Ruth Eglash couldn’t get the characters out of her head. 

A journalist, Eglash had spent eight years covering the conflict in the Middle East as a reporter for The Washington Post. Through that role, she gained wider access to people and geographies than Eglash might have if she reported for a Jewish outlet. The job allowed her to see how people from different backgrounds understood the Israeli-Palestinian conflict. 

Her reporting experience hatched the idea for a series of characters who Eglash saw as vehicles to open readers’ minds to new perspectives. Eglash channeled what she learned into her debut novel, “Parallel Lines,” which was published June 15 through Texas-based Black Rose Writing. 

The book tells the stories of three teenage girls in Jerusalem – a secular Jew, an ultra-Orthodox Jew and a Palestinian Muslim. Eglash uses their experiences to shed light on the impact of the war. 

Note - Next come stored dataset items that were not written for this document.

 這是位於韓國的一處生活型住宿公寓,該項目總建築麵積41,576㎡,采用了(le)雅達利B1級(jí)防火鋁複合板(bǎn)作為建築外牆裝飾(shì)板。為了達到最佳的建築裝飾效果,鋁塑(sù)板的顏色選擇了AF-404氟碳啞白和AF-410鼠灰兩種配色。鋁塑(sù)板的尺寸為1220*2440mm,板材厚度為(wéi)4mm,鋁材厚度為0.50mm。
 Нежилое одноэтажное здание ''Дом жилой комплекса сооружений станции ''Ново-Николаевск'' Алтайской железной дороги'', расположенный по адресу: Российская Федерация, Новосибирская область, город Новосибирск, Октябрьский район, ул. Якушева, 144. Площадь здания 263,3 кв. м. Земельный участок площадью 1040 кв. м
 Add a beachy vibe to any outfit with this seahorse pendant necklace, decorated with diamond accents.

“At the end of the day, I realized that the conflict impacts everyone’s lives from all angles,” she said. “At a certain point, people here have stopped listening to the other side.” 

Now a senior correspondent for Jewish Insider, Eglash was born in London to a mother who is British and a father who is Israeli. She made aliyah in 1994 and relocated to Jerusalem, where she met her husband, Milwaukee native Michael Eglash. 

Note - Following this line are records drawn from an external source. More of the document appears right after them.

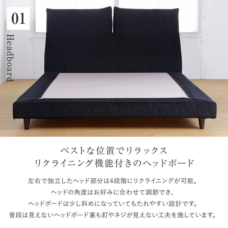 ファブリックの良さを最大限に追求した、国産最高級のファブリックベッドです。福井県越前市の協力工場で職人が1台1台手作業でお作りしている傑作品です。ヘッドボードは左右が独立しており、お好みの角度に調整していただけます。リクライニングは4段階。ベッドの上でテレビを見たり、読書をしたり、ゆったりくつろげます。脚と金具の取り付け位置で、ローベッド(マットハイ24cm)、ハイベッド(マットハイ14cm)に変更も可能。選べるカバーリングとお洒落なデザインで、快適なベッドライフをご提案いたします。
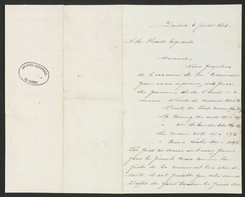 - Le dossier contient de la correspondance personnelle de Placide Vigneau en provenance des marchands de Québec Leclerc et Letellier concernant le prix des poissons (hareng, morue) et des huiles (morue, loup-marin), l'envoi de denrées et le cours de l'argent américain. Le dossier contient également deux publicités suites aux améliorations et aux changements effectués dans leur établissement.
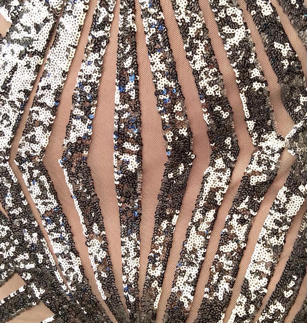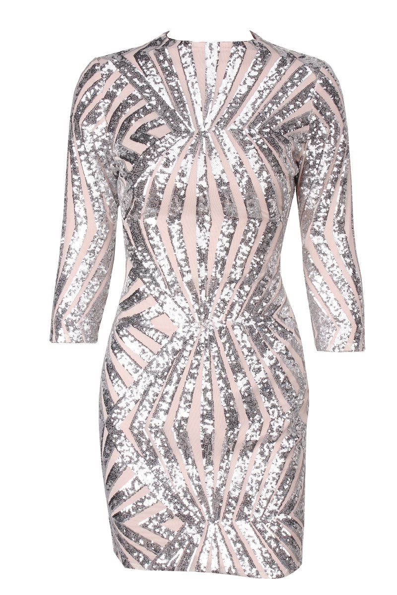 Silver Geometric Sequined and Mesh Bodycon Dress
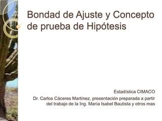 Este documento presenta los conceptos clave de las pruebas de hipótesis estadísticas, incluyendo (1) la definición de hipótesis nula e hipótesis alternativa, (2) la selección del nivel de significación, y (3) los cinco pasos del procedimiento de prueba de hipótesis - identificar la distribución muestral asociada, formular la regla de decisión, y tomar una decisión final de aceptar o rechazar la hipótesis nula. También proporciona un ejemplo numérico
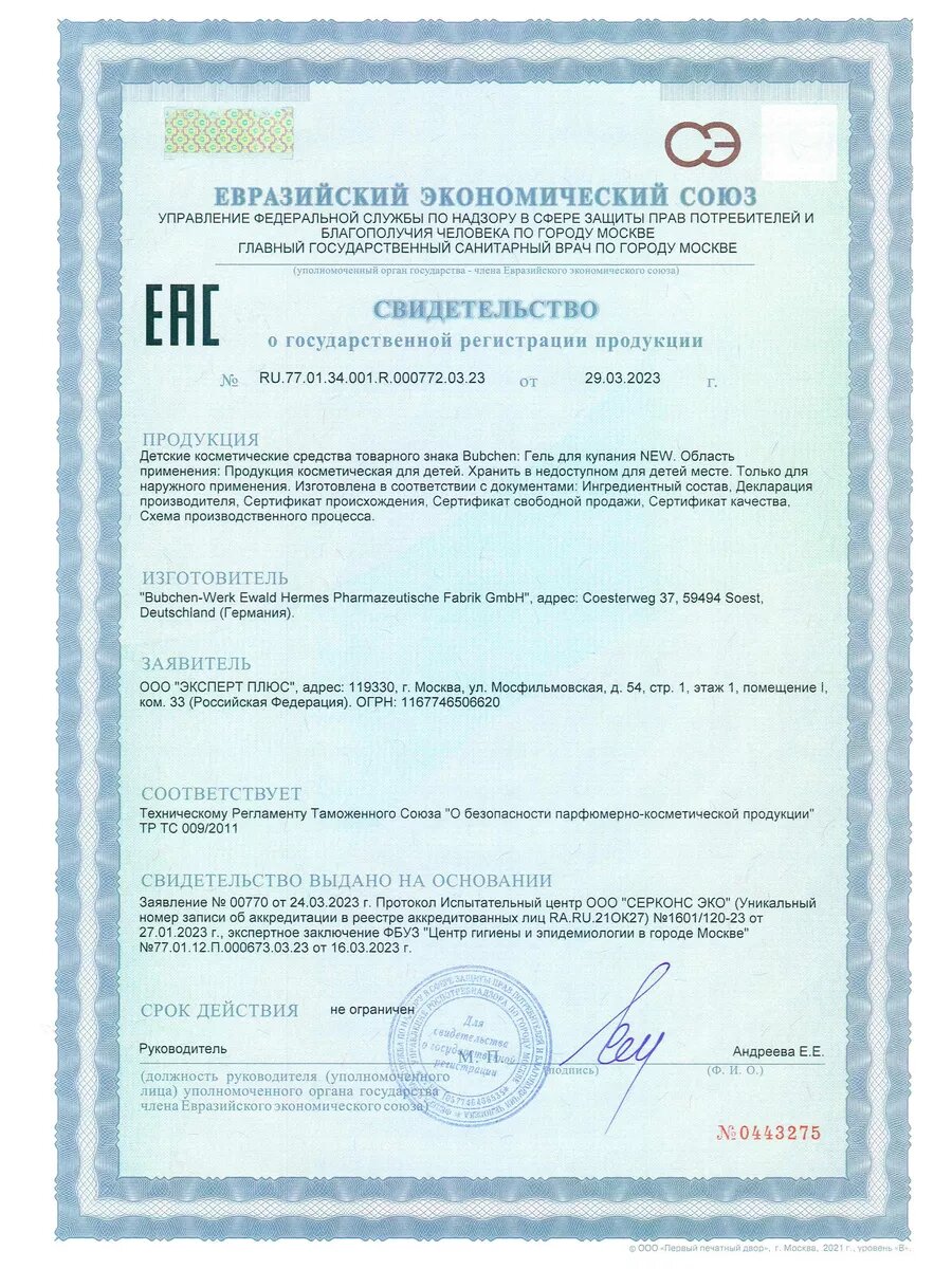 Бюбхен Гель для купания д/младенцев 400мл (12015561)

Eglash has primarily lived and worked in Israel, save for a period when she and her husband lived in Milwaukee and she worked as a journalist for local publications, including the Wisconsin Jewish Chronicle. 

“Parallel Lines” was based on stories Eglash heard as a Washington Post correspondent from 2013 to 2020. Eglash said she covered several rounds of fighting in Gaza between Israel and Hamas. Her job allowed her to build relationships with people whose experiences and perspectives differ. 

“The majority of people here just want to live their lives,” Eglash said. “We always hear the extreme voices, and maybe I am complicit in that as a journalist, because we always look for the most loudest, interesting people to interview. But at the end of the day, most people here are just ordinary people who want to live – on all sides.” 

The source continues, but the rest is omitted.